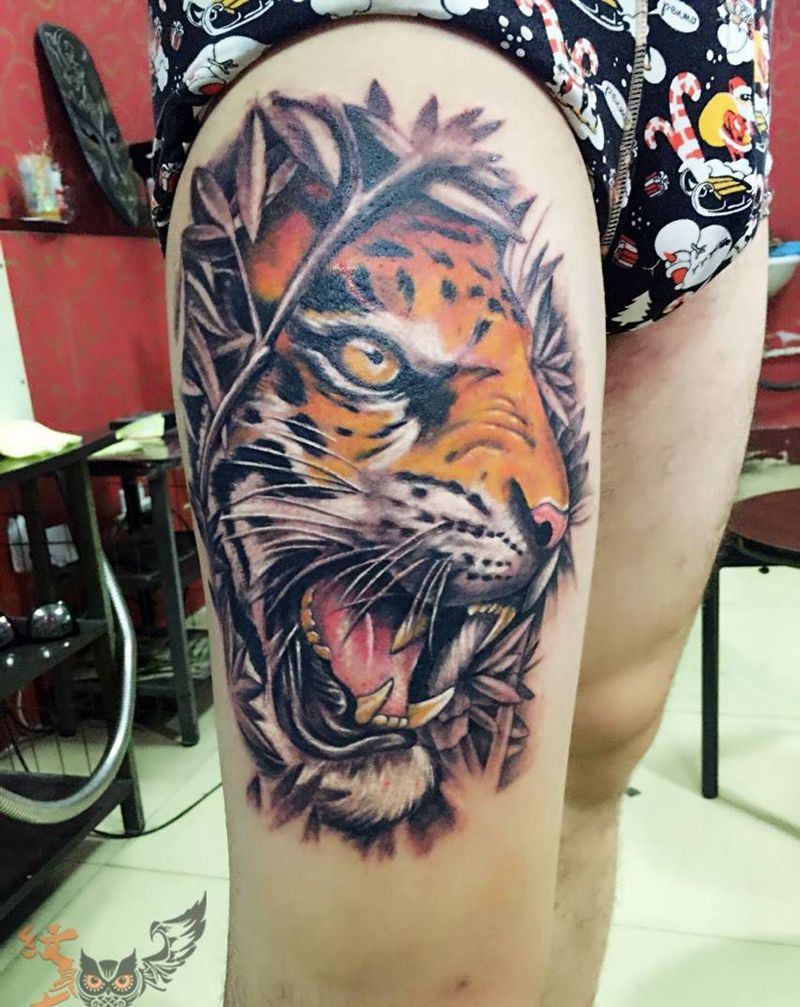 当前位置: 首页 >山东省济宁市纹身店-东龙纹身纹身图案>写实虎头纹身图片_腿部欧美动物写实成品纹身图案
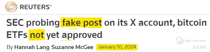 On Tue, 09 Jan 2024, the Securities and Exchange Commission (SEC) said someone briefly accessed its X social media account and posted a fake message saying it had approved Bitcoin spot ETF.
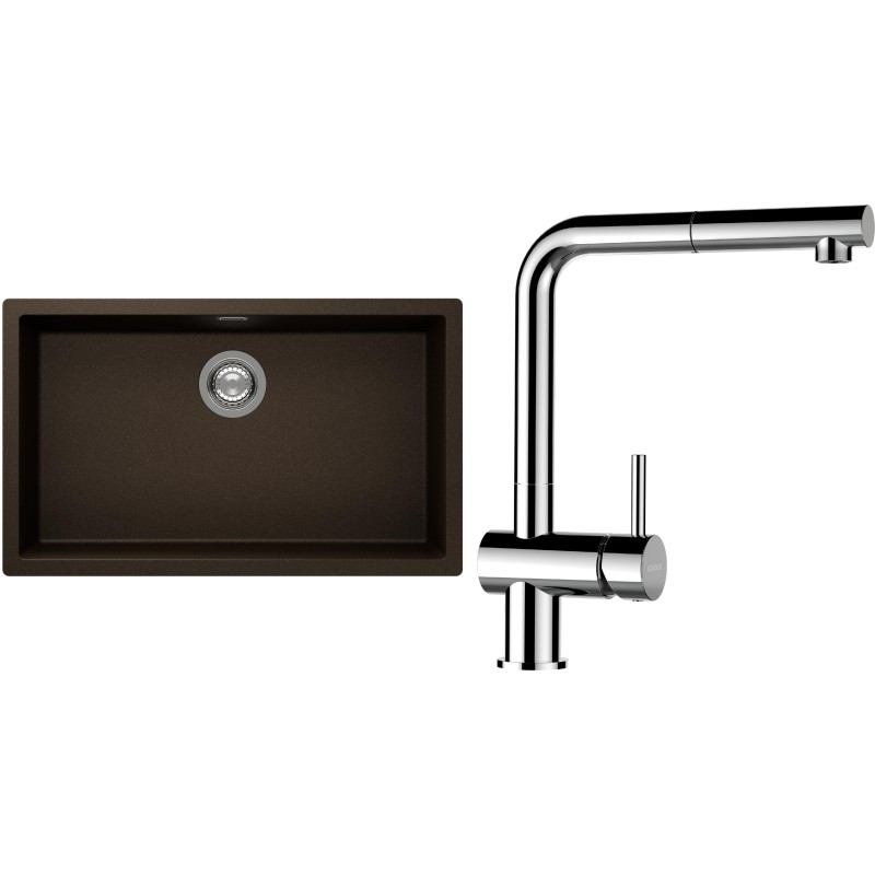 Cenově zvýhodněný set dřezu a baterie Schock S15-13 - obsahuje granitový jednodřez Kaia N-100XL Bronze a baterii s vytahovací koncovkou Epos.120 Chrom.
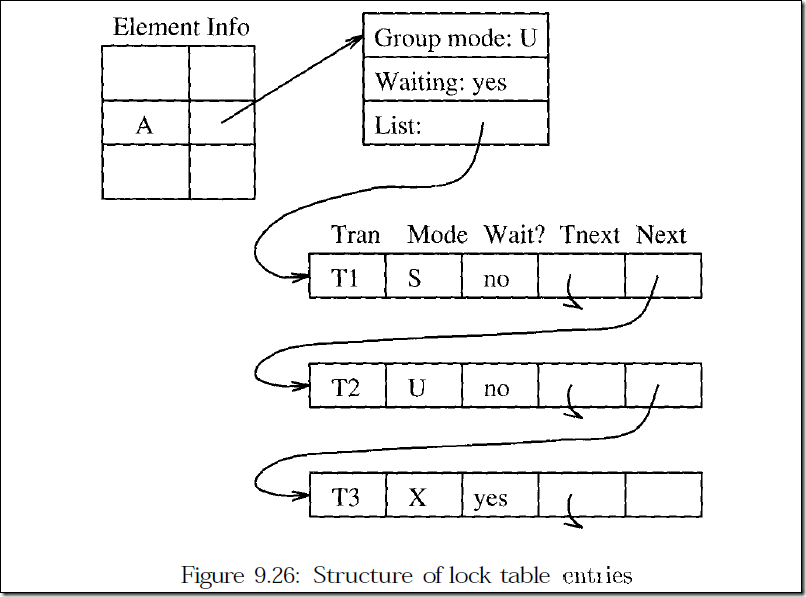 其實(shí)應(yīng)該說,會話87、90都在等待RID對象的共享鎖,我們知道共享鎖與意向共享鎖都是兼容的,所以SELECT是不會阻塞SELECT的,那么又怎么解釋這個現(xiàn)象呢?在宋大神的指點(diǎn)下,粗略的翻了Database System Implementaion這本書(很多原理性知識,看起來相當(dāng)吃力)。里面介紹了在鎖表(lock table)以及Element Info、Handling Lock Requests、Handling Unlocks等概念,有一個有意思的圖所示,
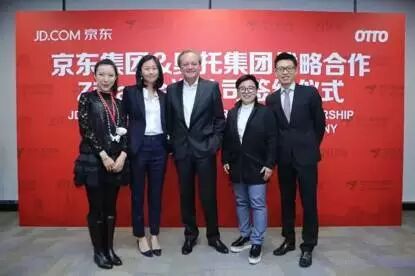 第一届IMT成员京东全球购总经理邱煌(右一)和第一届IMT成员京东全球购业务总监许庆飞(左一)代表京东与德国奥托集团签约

Prompt: Return all of the entries exactly as written, but drop any pictures they hold.

Answer box:
 当前位置: 首页 >山东省济宁市纹身店-东龙纹身纹身图案>写实虎头纹身图片_腿部欧美动物写实成品纹身图案
 On Tue, 09 Jan 2024, the Securities and Exchange Commission (SEC) said someone briefly accessed its X social media account and posted a fake message saying it had approved Bitcoin spot ETF.
 Cenově zvýhodněný set dřezu a baterie Schock S15-13 - obsahuje granitový jednodřez Kaia N-100XL Bronze a baterii s vytahovací koncovkou Epos.120 Chrom.
 其實(shí)應(yīng)該說,會話87、90都在等待RID對象的共享鎖,我們知道共享鎖與意向共享鎖都是兼容的,所以SELECT是不會阻塞SELECT的,那么又怎么解釋這個現(xiàn)象呢?在宋大神的指點(diǎn)下,粗略的翻了Database System Implementaion這本書(很多原理性知識,看起來相當(dāng)吃力)。里面介紹了在鎖表(lock table)以及Element Info、Handling Lock Requests、Handling Unlocks等概念,有一個有意思的圖所示,
 第一届IMT成员京东全球购总经理邱煌(右一)和第一届IMT成员京东全球购业务总监许庆飞(左一)代表京东与德国奥托集团签约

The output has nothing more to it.